Preparation Tip For This Hot Sauce
We recommend that you wear a pair of latex or non-latex gloves to handle the habanero peppers. The cayenne peppers will not sting your hands nearly as much, but it’s better to play it safe with the habañero peppers.
Health Benefits of Peppers
We talked about the benefits of hot peppers in our Habañero Plum Hot Sauce post. There is evidence that hot peppers are natural stimulants for both energy and metabolism. Some studies have linked them to lower blood fat levels as well as a reduction in blood pressure and atherosclerosis. They contain a compound called capsaicin, which helps increase blood flow in the brain, digestive system and skin. So if you like life a little spicy, include some hot peppers in your diet daily and make a batch of hot sauce!
Try out this super flavourful Jerk Style Peach Hot Sauce, this Mango Lime Hot Sauce or this Habañero Plum Hot Sauce if you’re wanting to get a little more spicy in your life! We like to use a little hot sauce with our Creamy Roasted Garlic Hummus on some pita wedges or toasted sourdough. It is also a great condiment on a sandwich stacked with Baked Tempeh Bacon Strips or on Vegan Mexican Stuffed Peppers. It’s also perfect on cauliflower wings! We can’t wait for you to try them all out!
Let us know if you try out our Cayenne Pepper Hot Sauce because we love to have your feedback! Leave a comment and a rating and don’t forget to tag us @plantedandpicked on Instagram and hashtag it #plantedandpicked. Remember to cook together, eat together and celebrate life.
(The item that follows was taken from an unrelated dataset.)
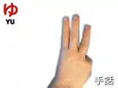 The Japanese Sign Language syllabary (指文字, yubimoji, literally "finger letters") is a system of manual kana used as part of Japanese Sign Language (JSL). It is a signary of 45 signs and 4 diacritics representing the phonetic syllables of the Japanese language. Signs are distinguished both in the direction they point, and in whether the palm faces the viewer or the signer. For example, the manual syllables na, ni, ha are all made with the first two fingers of the hand extended straight, but for na the fingers point down, for ni across the body, and for ha toward the viewer. The signs for te and ho are both an open flat hand, but in te the palm faces the viewer, and in ho it faces away.

- 2 lbs fresh cayenne peppers chopped with seeds 900 g
- 2 habañero peppers chopped with seeds
- 3 heads garlic, roughly chopped
- 2¾ cups white vinegar 660 ml
- 4 tsp fine sea salt 20 ml
- 2 tbsp maple syrup
- Rinse and dry all of the peppers and remove and discard stem end. Chop the peppers in small pieces and transfer to non-reactive pot. We use a enamel coated cast iron pot.
- Add chopped garlic, vinegar, sea salt and bring to a boil. Reduce to simmer and leave to cook for approximately 40 minutes, stirring occasionally until the peppers are very soft. Remove from heat and let cool partially. We typically wait about 15 to 30 minutes.
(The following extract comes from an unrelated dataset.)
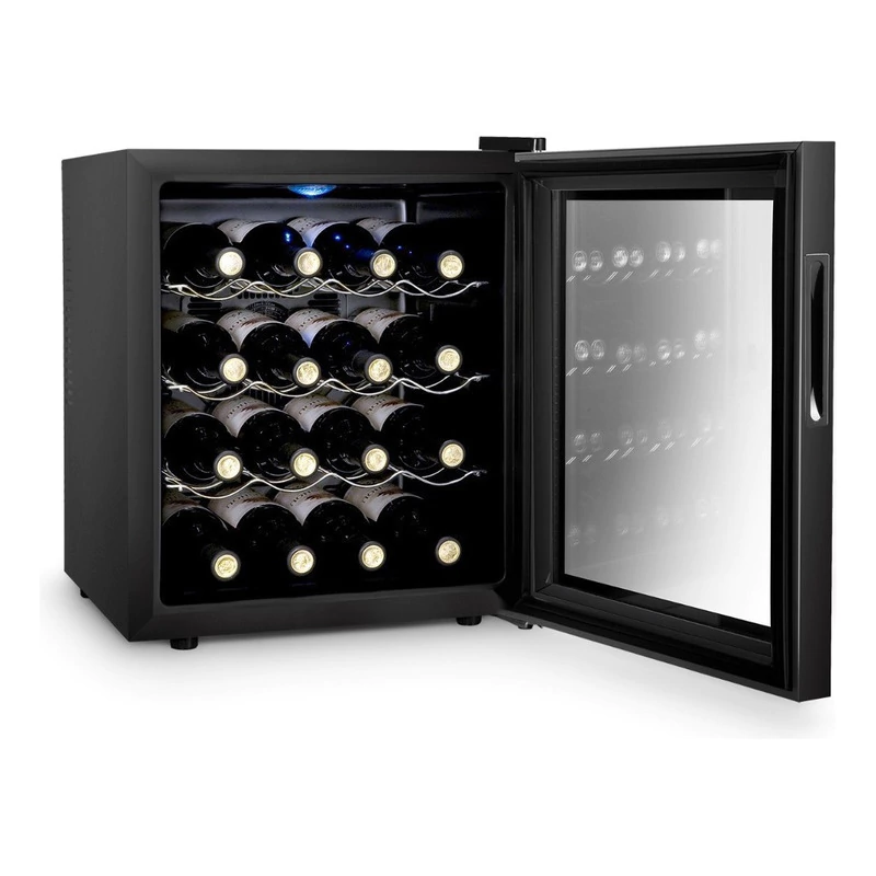La capacidad de almacenamiento de 16 botellas, hace que esta cava sea ideal para tu hogar o espacios pequeños donde quieras crear una colección de bebidas a tu gusto.

- Transfer cooked pepper mixture, in batches, to a blender and process until completely smooth. Stir in the maple syrup to combine.
- Store in glass bottles or jars of your preference in the refrigerator. Given the high acidity level, it may be possible that you needn't refrigerate it, but we prefer to refrigerate it to be certain it stays fresh.
- Note that the nutrition information provided is for 1 cup of the sauce. We don't recommend using a cup as a single serving!